WHAT THIS TASK INVOLVES: Give back the data below word for word. Any image in it should be left out.

AVAILABLE DATA:
####################

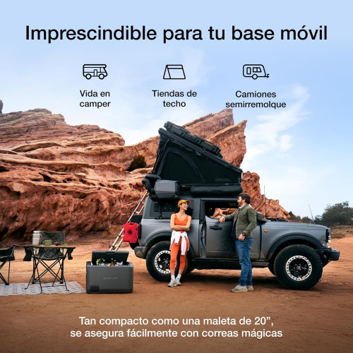 - Compatibilidad todoterreno: el aire acondicionado portátil EcoFlow WAVE 3 cuenta con un diseño compacto de 50 cm con un mango ergonómico, que se adapta fácilmente a SUV, overlanders y semi-camiones. Su kit de correas mágicas se monta de forma segura en techos o plataformas de camiones, enfriando eficazmente los espacios de 11 a 17 m2 para aventuras al aire libre verdaderamente diversas.
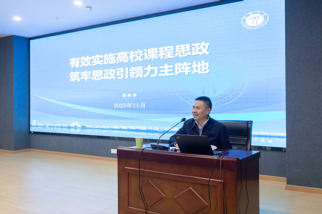 景新华从认真领悟“根本遵循”,把准课程思政建设方向;深刻认识“三个统—”,增强课程思政思想自觉;正确树立“教育三观”,担当立德树人使命责任;重点聚焦“四大要素”,提升课程思政育人实效四个方面,以习近平总书记关于思想政治教育的重要论述为指导,就课程思政建设的战略定位、目标方向、内容方法、关键主体、根本保证及为什么要开展课程思政、思政课程与课程思政的区别及内在联系、提升思政育人实效的要素与方法等内容作了深入阐述。他还结合我校在教育教学实际中存在的相关问题,从马克思主义哲学的高度剖析了问题形成的原因,提出了相关解决方案、方法和路径。
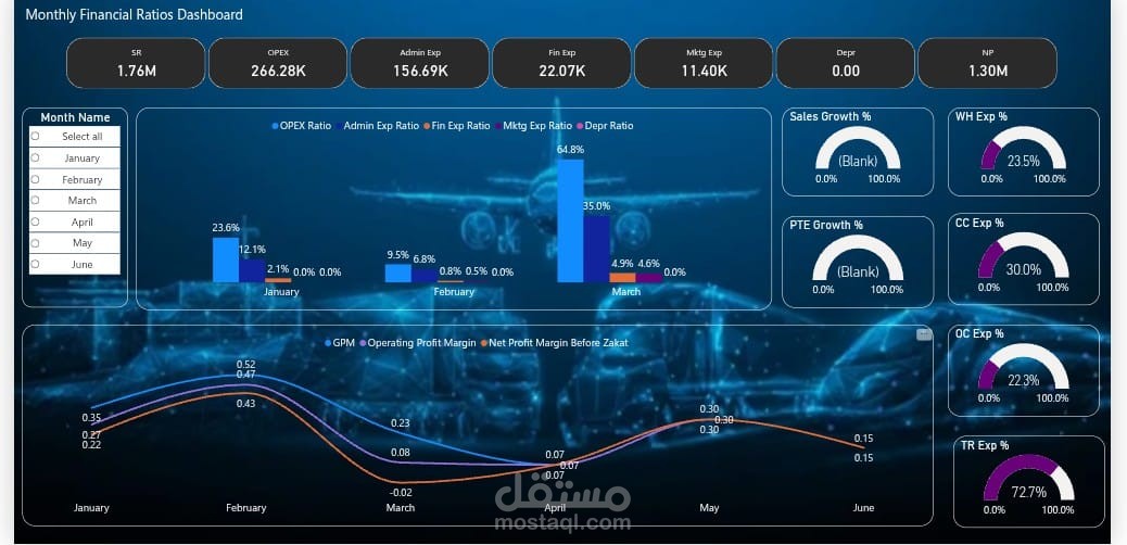 عرض النسب المالية الشهرية (المصاريف التشغيلية، الإدارية، التسويقية، إلخ) ومعدلات الربح والخسارة.

####################

EXERCISE OUTPUT:
 - Compatibilidad todoterreno: el aire acondicionado portátil EcoFlow WAVE 3 cuenta con un diseño compacto de 50 cm con un mango ergonómico, que se adapta fácilmente a SUV, overlanders y semi-camiones. Su kit de correas mágicas se monta de forma segura en techos o plataformas de camiones, enfriando eficazmente los espacios de 11 a 17 m2 para aventuras al aire libre verdaderamente diversas.
 景新华从认真领悟“根本遵循”,把准课程思政建设方向;深刻认识“三个统—”,增强课程思政思想自觉;正确树立“教育三观”,担当立德树人使命责任;重点聚焦“四大要素”,提升课程思政育人实效四个方面,以习近平总书记关于思想政治教育的重要论述为指导,就课程思政建设的战略定位、目标方向、内容方法、关键主体、根本保证及为什么要开展课程思政、思政课程与课程思政的区别及内在联系、提升思政育人实效的要素与方法等内容作了深入阐述。他还结合我校在教育教学实际中存在的相关问题,从马克思主义哲学的高度剖析了问题形成的原因,提出了相关解决方案、方法和路径。
 عرض النسب المالية الشهرية (المصاريف التشغيلية، الإدارية، التسويقية، إلخ) ومعدلات الربح والخسارة.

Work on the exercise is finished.